As shown in Figure 4, the bubble generating system 03 includes a pressure gauge 301, a flow meter 302, a pressure stabilizing valve 303, a throttle valve 304, an aeration device 305 and a second gas compressor 306; The aeration device 305 can generate air bubbles of different sizes by adjusting the aperture size of the air outlet of the aeration plate; the second gas compressor 306 inputs various gases required for the experiment, thereby generating air with different chemical components in the water tank 01 Bubbles; between the second gas compressor 306 and the aeration device 305 are throttle valve 304, pressure stabilizing valve 303, flowmeter 302, and pressure gauge 301 in sequence.
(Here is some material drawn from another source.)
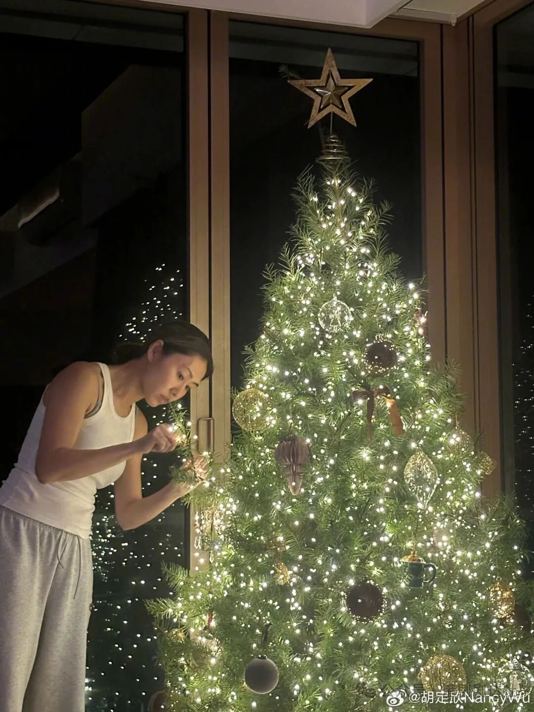 从其分享的动态中看得出,她将这棵圣诞树放在客厅的一角,圣诞树的顶部几乎触及到天花板,而客厅一角的落地窗也是非常吸睛,豪宅的奢华程度可以想象得出。

Through the adjustment of these parts, the airflow speed and size control can be realized, thereby According to the requirements of the experiment, bubbles with specific size, quantity, movement speed and specified chemical composition can be produced;

As shown in Figure 5, the water tank pressure protection system 04 includes a second controller 401, a solenoid valve 402, a pneumatic valve 403, an explosion-proof valve 404, a water container 405 and a third gas compressor 406; wherein the solenoid valve 402 inlet and The water tank 01 is connected, the outlet is connected to the inlet of the pneumatic valve 403, and the second controller 401 and the third air compressor 406 are connected externally; the outlet of the pneumatic valve 403 is connected to the water container 405; the inlet of the explosion-proof valve 404 is connected to the water tank 01 The pipeline between the electromagnetic valve 402 and the outlet is connected to the water container 405; the second controller 401 is equipped with a pressure sensor to measure and display the pressure inside the water tank 01 in real time, which is the pressure at the bottom of the water tank 01; The controller 401 controls the working state of the pressure protection system of the entire water tank 01. If the pressure in the water tank 01 exceeds the preset value, the second controller 401 will send a command, and the third gas compressor 406 will work to generate gas source to act on the pneumatic valve 403 , so that the pneumatic valve 403 is opened to relieve the pressure of the water tank 01; at the same time, the explosion-proof valve 404 plays a double protective role to avoid danger when the pressure of the water tank 01 exceeds the limit.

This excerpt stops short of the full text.